Ко времени злодейской резни в Болгарии Дизраэли уже несколько десятилетий хранил верность избранному пути. В столь критический момент он мог руководствоваться никак не еврейскими, а исключительно британскими интересами. Когда его противники предположили, что эти интересы он понимает превратно, трактуя их с точки зрения власти, но не справедливости, Дизраэли, конечно же, возмутился. Чем с большей горячностью выступали его критики, тем более демонстративно он держался своей первоначальной позиции и более небрежно говорил о болгарских событиях. В парламенте он позволил себе сказать о «пустой болтовне из-за никому не известных болгар». Брошюра Гладстона стала «самым страшным из всех болгарских кошмаров», острил он. Он даже написал леди Бредфорд из Хьюгендена: «Я близок к тому, чтобы учинить и здесь какое-нибудь злодейство — перебить всех павлинов».
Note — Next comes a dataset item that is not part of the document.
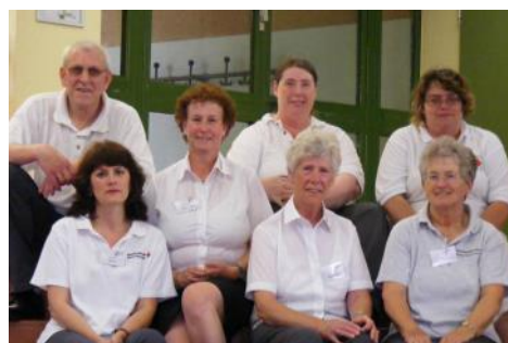
Gruppenfoto des Blutspendeteam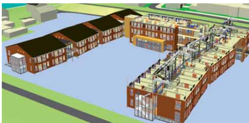
Ruimtelijke representatie van ontwerpgegevens in 3D BIM.

In verschillende industrieën, in het bijzonder op werktuigkundig gebied en luchtvaartindustrie, heeft men daarom in het verleden gezocht naar het verbeteren van de communicatiemogelijkheden. Hierbij zijn zij driedimensionale computertechnieken gaan gebruiken. Langzamerhand beginnen deze werkwijzen ook in de bouwwereld meer voet aan de grond te krijgen. De benodigde capaciteit en software zijn inmiddels voor

Подобное бессердечие было не просто дурным тоном. Оно к тому же давало понять, что привычка отождествлять себя с властью, а не с теми, кто ее лишен, обходится Дизраэли дорого. Когда его оппоненты обращали внимание на неподдельные и ужасающие страдания болгар, он не сочувствовал им — не мог себе этого позволить. Даже если предположить, что его протурецкая политика была правильной, публичная демонстрация сочувствия болгарским христианам облегчила бы ему проведение этой политики. Вместо этого Дизраэли тут же перевел дискуссию из плана морали в план геополитический, то есть действовал так, как если бы на весах имперских интересов болгар не стоило и учитывать. Действуй Дизраэли иначе, ему пришлось бы спросить себя, правильно ли отрегулированы эти весы и каким целям служат империи, если они жиреют за счет страданий живых людей. Одним словом, Дизраэли пришлось бы задуматься, действительно ли величие — эстетическая категория, которая всегда питала его честолюбие, — важнее справедливости. На этом, уже позднем, этапе его карьеры задаваться подобным вопросом было бы слишком жестоко.
Страсти, вызванные болгарской резней, не утихали. На протяжении последующих двух лет британская политика разделится на две ветви — протурецкую и пророссийскую, с некоторыми допущениями они будут связаны с консервативной и либеральной партиями, соответственно. Как отметил один обозреватель, политические столкновения в этот период стали самыми ожесточенными на его памяти: «Старые друзья превращаются в заклятых врагов, члены одной семьи перестают общаться друг с другом, а когда начинается дискуссия, что происходит в любое время дня и ночи среди лиц обоего пола в любых слоях общества, ее участники впадают в такое возбуждение, что опускаются до самой отборной брани, переходя при этом на личности, и расходятся во мнении они не столько о существе вопроса, о котором часто имеют весьма смутное представление, но о чувствах, которые они питают к лорду Биконсфилду или к мистеру Гладстону».